Enacted in the mid 1960s, Medicare policies have not evolved to meet the challenges of generational changes and the complex medico-economic demands of our society. A large portion of its budget is spent on specialty care to support heroic measures at the end of life, giving more financial incentives to providers based on “fee-for-services,” rather than to more true value-based preventive and primary care.
This year, Oregon politicians had the opportunity to step up to the challenge and advance new approaches and demonstration projects that may make Medicare more sustainable for current and future generations. But, under the pressure of various interest groups, they failed to give the Archimedes Movement (WeCanDoBetter.org) such a chance. Citizens should continue to work for effective changes by raising their voices with the newly formed Oregon Health Fund Board (www.HopeforaHealthyOregon.com).
For good reasons, many believe that a “Medicare-for-All” should be part of fixing our derailed healthcare system. With good leadership and political will, the shortcomings of the Medicare system are correctable.
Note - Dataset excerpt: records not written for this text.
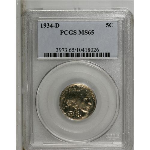 <B>1934-D 5C MS65 PCGS.</B></I> Traces of rose and gold toning are present on the mercury-luster surfaces. Nicely struck with a few isolated marks on the bison's body.<BR><BR><b>Shipping:</b> Coin/Currency (<a target="_blank" href="http://www.heritageauctions.com/common/shipping.php">view shipping information</a>)
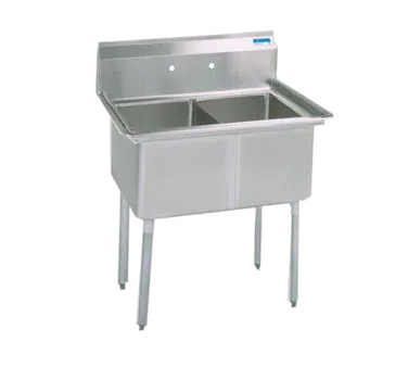Invest in superior quality with the BK Resources, BKS-2-1620-12 Sink, (2) Two Compartment. This sink is designed to meet the demands of a busy commercial restaurant, offering durability and functionality. Made with 18/304 stainless steel construction, it ensures long-lasting performance and easy maintenance. The two compartments, measuring 16" wide x 20" front-to-back x 12" deep, provide ample space for washing and rinsing dishes, utensils, and cookware. The 9" backsplash and 8" OC splash mount faucet holes help to keep the surrounding area clean and dry. With 1-1/2" rolled edges on the front and sides, this sink offers added strength and safety. It also includes basket drains (BKDR-4) for efficient water drainage. The galvanized steel legs with adjustable high impact corrosion resistant feet provide stability and support. NSF certified, this sink meets the highest standards of cleanliness and sanitation. Upgrade your restaurant's kitchen with the BK Resources, BKS-2-1620-12 Sink, (2) Two Compartment.
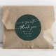 Este boho chic emerald green um doce obrigado que você prefere um adesivo redondo clássico é perfeito para um casamento minimalista. O design verde boêmico moderno da floresta de caçadores de escuros e modernos apresenta uma caligrafia rústica simples com um estilo único, porém clássico. Personalize seus adesivos de favor com seus nomes e data de casamento.

Given the trend of ever-decreasing employment-based health insurance and the deceptive practices of many for-profit insurance companies, Medicare remains the only relatively safe health care safety net for current seniors and retiring baby-boomers. We can’t afford to let it fail us.
Chinh Le, Corvallis
Access to care has become worse
Recently I heard a psychiatrist say he ends up practicing general medicine again sometimes lately because he can’t find a primary care provider for some of his patients. Amazing, since for years in Oregon the problem has been finding a psychiatrist to see patients with severe mental health problems.
For years, patients with severe depression or anxiety — bad enough to limit their ability to work, ruin relationships, lose jobs — all of these have been managed by primary care physicians with little training in handling such problems. Some family doctors in our area have become effective mental health specialists in the process, to their great credit.
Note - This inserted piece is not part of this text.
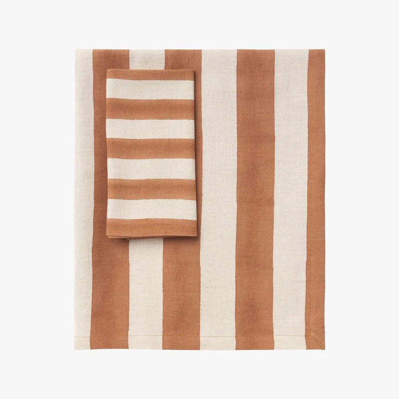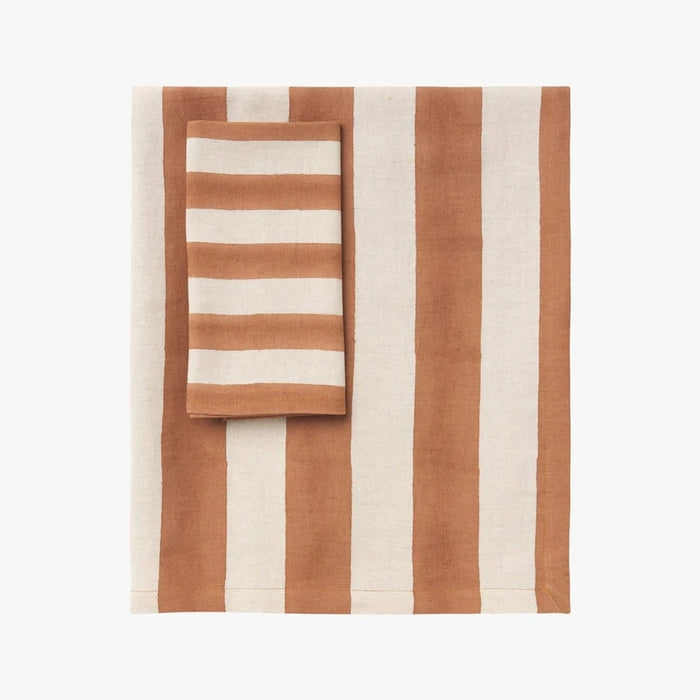 Infuse your home with Mediterranean flair, the Riviera collection combines a linen/cotton blend with a bold stripe pattern. Hand-block printed in Jaipur, each piece in this collection is a testament to craftsmanship and design, meticulously handcrafted by highly skilled artisans. Ideal for everyday dining or stylish entertaining, Riviera is available in Jade and Terracotta.

In the last six years, this problem of access to mental health has become steadily worse. Our public mental health system now deals only with people who have the most severe mental illnesses, such schizophrenia and the most severe versions of bipolar disorder. Even if a patient is completely disabled by symptoms, if she or he is not suicidal or psychotic, help may not be available.
But if now even primary care services are beginning to become similarly scarce, perhaps our legislators will feel more pressure to create change. When even the rich cannot find the medical care they want, even if they can pay for it, perhaps then we will create a fairer health care system. I will try not to feel bitter knowing this was not possible when only the poor and the mentally ill were so profoundly underserved.